Zaman gazetesinin ‘arıza’ solcuları
Aynı saldırıyı Zaman gazetesi ilk gün yaşananları çarpıtarak ‘Kızılay’da gösteri yapan grupla esnaf birbirine girdi’ başlığı ile verdi. Cihan Haber Ajansı mahreçli haberde başlıktan da anlaşılacağı gibi bir eylem sırasında iki taraf arasında çatışma yaşandığı aktarılıyor. İlk yanlış daha doğrusu tahrip edilmiş bilgi kim sorusuna cevapla veriliyor. Çünkü taraflardan birisi göstericiler olarak tarif edilince bu ortada bir gösteri olduğu anlamına gelir. Oysa olayın aktörleri Yüksel Caddesi’nde açılan stantta duran liseli öğrenciler. Esnaf diye kastedilen de cadde üzerindeki dükkan sahipleri anlamına gelir ki; ertesi gün yapılan ortak açıklamada Yüksel Caddesi Esnaf Derneği’nin de göstericiler olarak tarif edilen grupla birlikte olayı kınadığını öğreniyoruz. Yani haberin kim unsuru haber içerisinde tahrip edilerek veriliyor. Görüldüğü gibi tarafları küçük oyunlarla farklılaştırarak göstericilerin esnafa saldırdığı çağrışımı yaratılıyor.

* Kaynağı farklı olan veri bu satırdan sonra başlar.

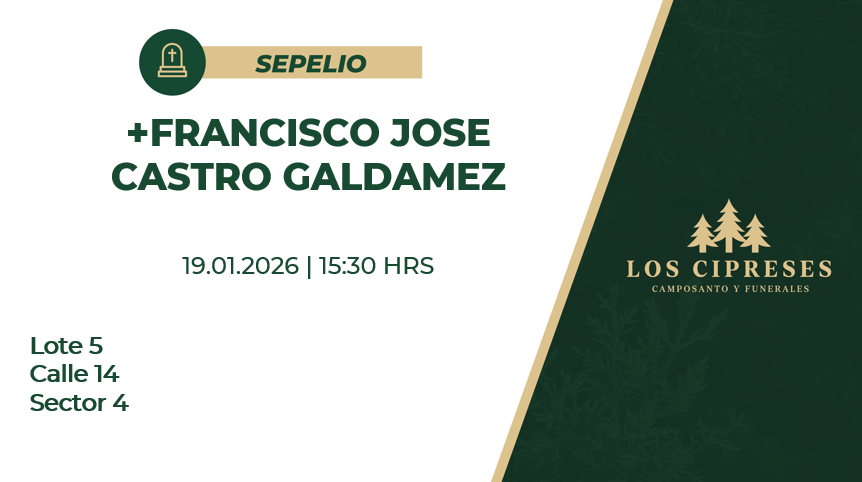Ubicación del Sepelio: Lote 5 Calle 14 Sector 4
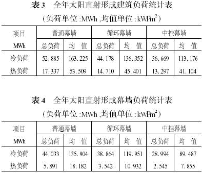 上面分析了影響負荷的幾個主要因素,包括冷熱負荷峰值、太陽直射、玻璃導熱及滲風形成的負荷,事實上還有墻體、屋頂以及室內人體與照明形成的負荷,本文僅針對幾個與幕墻相關的主要因素進行分析。
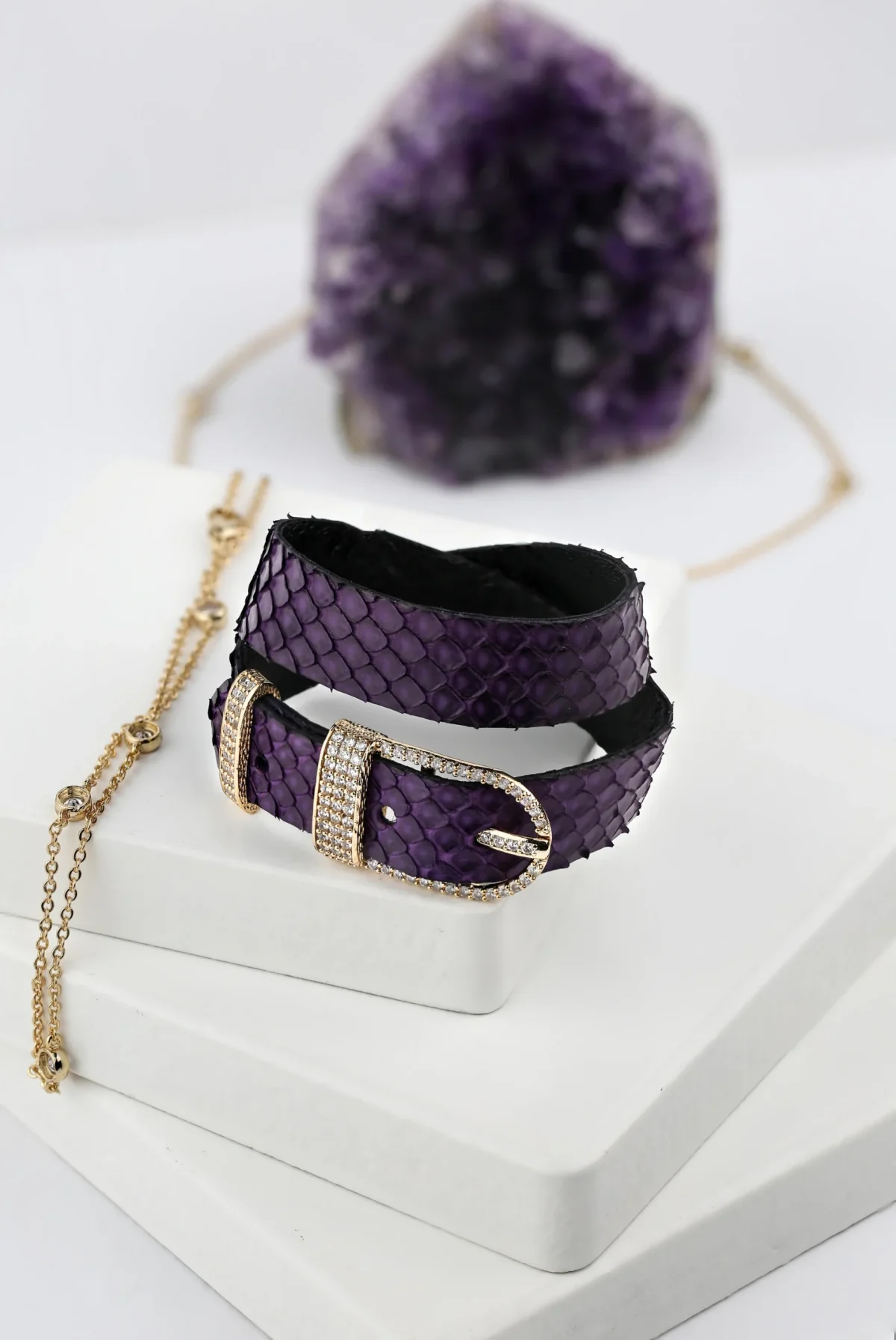 “Göz alıcı mor deri, pırlanta detaylarıyla birleşiyor. Şıklığınıza zarif bir dokunuş katacak bu deri bileklik, her kombinle mükemmel uyum sağlar.”

Gazete ikinci gün gerçekleşen saldırıyı ise ‘Ankara’nın göbeğinde linç girişimi’ başlığıyla duyuruyor. Haberde ‘sallamalı’ saldırıya ve Yüksel Caddesi’ni adeta işgal ettiği halde 5 tane bıçaklı saldırganı engellemeyen polise hiç değinmeden “Olay yerinde toplanan sol grup, bir şahsı tekme ve sopalarla dövdü. Yerde kanlar içinde kalan şahsı tekmeleyenler, kendilerini uzaklaştırmak isteyenlere rağmen şahsa saldırmaya devam etti. Grup, şahsı sopalarla da dövdükten sonra ayrıldı” diyor. Gazete bu mağdur şahsın linç girişiminden birkaç dakika önce kendini tartaklayanların arasına ‘sallama’yla daldığını gizleyerek durduk yerde insanlara saldıran bir takım ‘arıza’ solcular olduğu izlenimini vermeyi tercih ediyor. Bu algıyı yaratmak için de haberin 5N+1K’sınınneden unsurunu es geçiyor.
Sabah gazetesi çok şüpheci: her görünen doğru olmayabilir!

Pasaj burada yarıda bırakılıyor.